JS bindings for tauri-plugin-android-installer — install Android APKs from a Tauri v2 app.

Readme

tauri-plugin-android-installer

I was working on a mobile app and found myself having to handle internal distribution. Manual APK sharing is painful and I was not in the mood to fight with Play Store either. I decided to wire up a simple update system in the app. Instead of a plain .apk download I wanted the flow to be smooth and contained in the application itself. As such, this plugin was born.

NOTE: Plugin coded with AI, review before using.

Install an Android .apk from a local file path in a Tauri v2 app. Use it for in-app self-updates or sideloading a downloaded APK.

It does one thing: install(path). Downloading is not handled here. Pair it with @tauri-apps/plugin-upload or any other way you get the file onto disk.
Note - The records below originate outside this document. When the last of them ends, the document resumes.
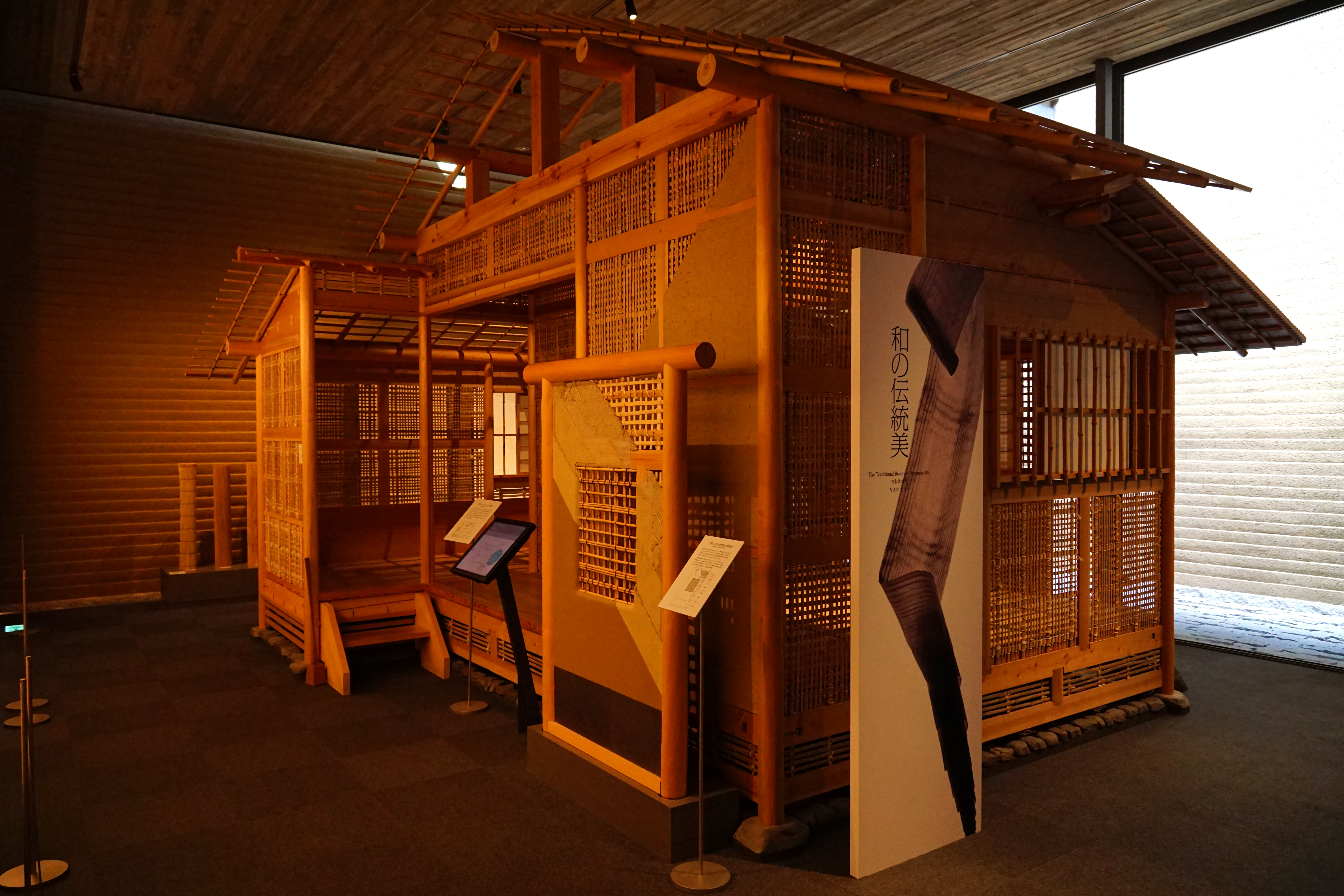 Takenaka Carpentry Tools Museum in Kobe, Hyogo prefecture, Japan.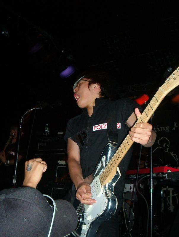 Photo taken at a POLYSICS concert at the Knitting Factory in Manhattan on 30 September 2003 by User:DarKrow.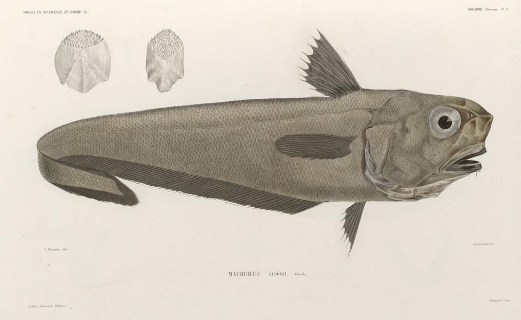 Coryphaenoides rupestris = Syn Macrurus strömii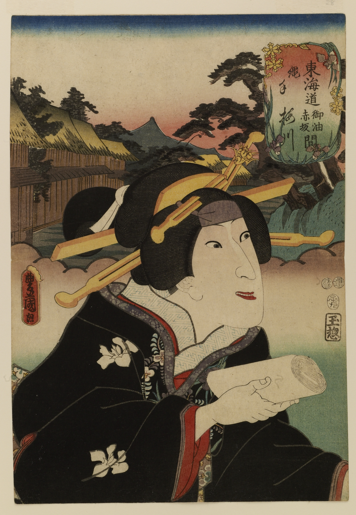 The actor Iwai Hanshirō VII in the role of Tsuchiya Umegawa. The courtesan Umegawa holds a roll of paper given to her by her lover's father. Her lover Chubei has taken her to his home town, but when they see Chubei's father fall down, only Umegawa is willing to lend a helping hand. When she asks the old man for some of the paper he uses to mend his sandal, he realizes that Umegawa must be his son's betrothed.

What it can and can't tell you

Android never lets an app install another app silently. The system installer UI ("Do you want to install this app?") always shows. That shapes the API:

  • Installer launched. Tracked: install() resolves.
  • Failed to launch (file missing, bad path, no permission). Tracked: install() rejects with a reason.
  • User cancelled / install failed. Not tracked by this plugin. Detecting those needs PackageInstaller sessions, which this plugin doesn't use (yet).
  • Install succeeded. Can't be observed for a self-update. Android replaces your APK and kills the process, so no callback fires. Check on the next launch with getVersion() from @tauri-apps/api/app.

Design your flow around "did the installer launch," not "did it succeed."

Platform support

| Platform | Behavior | | --- | --- | | Android | Full support. | | Desktop / iOS | canInstall() returns false; install() and requestInstallPermission() reject with "only supported on Android". |

This means you can call canInstall() anywhere as a capability check without a try/catch.

Setup

The Tauri CLI does the whole thing in one step:

tauri add android-installer

tauri add recognizes the third-party naming convention, so it adds the tauri-plugin-android-installer crate and the tauri-plugin-android-installer-api npm package, registers .plugin(tauri_plugin_android_installer::init()) in your builder, and adds the android-installer:default permission to your capability file. The rest of this section is what it does by hand.

Add the Rust crate:

cargo add tauri-plugin-android-installer

Register it in your Tauri builder (src-tauri/src/lib.rs):

pub fn run() {
    tauri::Builder::default()
        .plugin(tauri_plugin_android_installer::init())
        // ...
        .run(tauri::generate_context!())
        .expect("error while running tauri application");
}

Add the JS bindings:

pnpm add tauri-plugin-android-installer-api
# npm install / yarn add also work

Grant the permission in your capability file (src-tauri/capabilities/default.json):

{
  "permissions": ["android-installer:default"]
}

android-installer:default enables all three commands. To allow a subset, list android-installer:allow-install, android-installer:allow-can-install, and android-installer:allow-request-install-permission individually.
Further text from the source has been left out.